Cuando un cristiano muere y va al cielo, queda enteramente librado del poder del pecado. Este último no puede ejercer ningún dominio o autoridad sobre él. Existe una gran diferencia entre el estado de un creyente aquí en la tierra y el de arriba. Aquí, sólo es librado del poder del pecado; allá, también será liberado de su presencia. En su condición actual, el pecado mora en él; pero no tiene que reinar. Pronto, en el cielo, el pecado ni siquiera morará en él. El imperio del pecado llegó a su fin. Ahora ha comenzado el reinado de la gracia. “El pecado no se enseñoreará de vosotros; pues no estáis bajo la ley, sino bajo la gracia” (Romanos 6:14).
En Romanos 6, el apóstol no habla del perdón de los pecados; trata de esto en el capítulo 3: Bendito sea Dios, nuestras faltas fueron totalmente perdonadas, borradas y eternamente canceladas. Pero, en el capítulo 6, el tema es la completa liberación del pecado como poder o principio reinante.
¿Cómo el creyente obtiene este inmenso favor? por la muerte. Ha muerto al pecado en la muerte de Cristo. Es cierto para cada cristiano. No es cuestión de éxito. Es algo que pertenece a todo hijo de Dios, a todo verdadero creyente. Es la posición común a todos ellos. ¡Bendita y santa posición! ¡Sea alabado Aquel que la ganó para nosotros y que nos introdujo en ella! Vivimos bajo el glorioso reinado de la gracia, la cual reina “por la justicia para vida eterna mediante Jesucristo, Señor nuestro” (5:21).
Hay gran bendición ir más allá del perdón de los pecados y conocer la plena liberación del poder del pecado. El creyente que se basa en sus propios sentimientos, en lugar de considerarse a sí mismo según la Palabra de Dios, duda de su conversión y, en vez de estar ocupado con Cristo, lo está con su estado interior y estimación. Mira su condición a fin de obtener paz y consuelo; por eso es —y debe ser— miserable. Nunca el cristiano tendrá paz si la busca en sí mismo. Es necesario que acepte por la fe que ha muerto con Cristo, que ha sido sepultado con él, que fue resucitado con él, que es justificado en él y que es acepto en él. En pocas palabras, debe creer que, “como Él es, así somos nosotros en este mundo” (1 Juan 4:17).
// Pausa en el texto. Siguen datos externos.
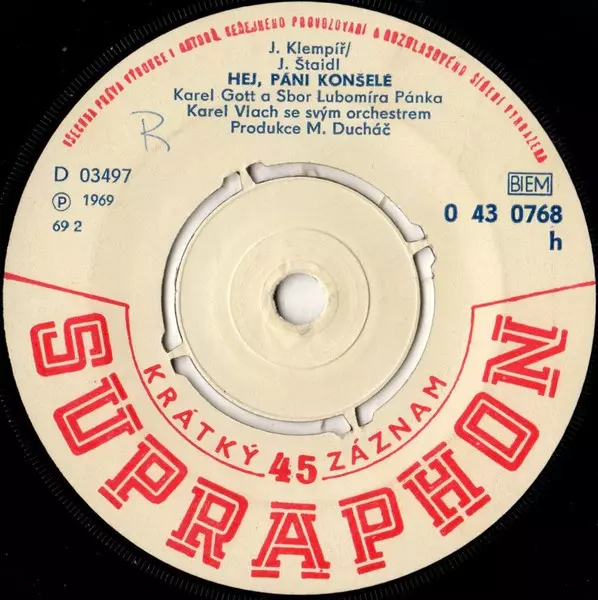 Chorus Master Lubomír Pánek | Lyrics By Jiří Štaidl | Music By Jaromír Klempíř | Vocals [Zp.] Karel Gott | Vocals [Zp.], Chorus [Sbor] Lubomír Pánek Singers | |||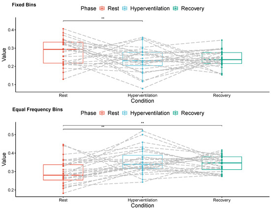Within the right hemisphere, higher mean values of conditional transfer entropy gauged with equal frequency bin discretization were also observed during hyperventilation (, 20.3% increase) and recovery (, 15.2% increase) than in the resting phase (). In this hemisphere, fixed bin discretization yielded higher mean values of conditional transfer entropy during the rest phase () than during hyperventilation (, 16.9% decrease).

Esto constituye la sólida base de la paz, y es el único secreto divino de una vida santa. El hijo de Dios está muerto al pecado. No se le exhorta a hacerse morir a sí mismo. Está muerto en Cristo. Un monje, un asceta o uno que hace todos los esfuerzos posibles para alcanzar una perfección sin pecado, puede tratar de dar muerte al pecado mediante diversos ejercicios corporales; pero, el resultado inevitable es miseria, y tanto más miseria cuanto mayor sea el afán por lograr tales fines. ¡Cuán diferente es el cristianismo! Comienza con el conocimiento de que está muerto al pecado; y, con la bendita fe en ello, “hace morir”, no al cuerpo, sino sus “obras”.
¡Ojalá viva el cristiano por la fe, según el poder de esta plena liberación!